GPIL perhaps has one of the biggest manufacturing units of energy meters and power electronics in the country with its two plants located at Jaipur (Rajasthan) and Haridwar (Uttranchal). With a production capacity of 2 million pieces, company has till now installed more than 10 million electronic meters globally. Of late, to integrate its EPC business company has set up a new facility at Alwar (Rajasthan) for manufacturing of poles, distribution transformers, etc. with an investment of Rs 50 cr. It also entered into two joint ventures in Brazil to manufacture electronic energy meters & provide state-of-art AMR technology. Meanwhile it continues to export its product to over 20 countries and is now focusing meter export to SAARC, Middle East, African and Latin American countries, where power reforms are taking place in a big way.

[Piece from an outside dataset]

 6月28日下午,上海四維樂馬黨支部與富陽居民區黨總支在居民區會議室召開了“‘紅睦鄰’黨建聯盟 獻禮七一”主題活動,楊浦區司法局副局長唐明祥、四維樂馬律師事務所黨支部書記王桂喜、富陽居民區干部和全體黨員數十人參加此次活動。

Thus GPIL has become a global player with manufacturing facilities in India & Brazil, marketing offices in Singapore & USA and a full fledged sourcing office in China.

Presently, GPIL has an order book position of Rs 1100 cr which is almost twice its FY09 turnover. Besides it has participated in tenders of nearly Rs 1200 cr, out of which it is ´L1´ bidder in tenders worth Rs 89 cr only. Sarcastically, these figures are way lower than last year bidding of Rs 8000 cr and L1 bidder of Rs 650 cr. As per unconfirmed reports, due to some execution as well as payment problems, company has cut down the bidding process significantly. This comes on the back of the fact that company recently wrote off Rs 36 cr as various deduction made by its customers on earlier sales of multiple years. As company provided this extraordinary expense only in audited accounts, the NP plummeted to merely Rs 13 cr against Rs 51 cr as unaudited net profit. So according for FY09 it reported audited sales of Rs 556 cr and audited PAT (after extraordinary item) of Rs 13 cr leading to an EPS of Rs 8.50 on equity of Rs 14.80 cr. However for Q1FY10 it reported 20% growth in revenue to Rs 120 cr but bottomline remained flat at Rs 8.00 due to higher interest cost. Thus it is expected to clock a turnover of Rs 700 cr and PAT of Rs 50 cr for FY10 i.e. EPS of Rs 34 on current equity. As scrip doesn’t look very cheap at current EV of Rs 600 cr, investors are advised to buy at sharp declines for a price target of Rs 280 in 12~15 months.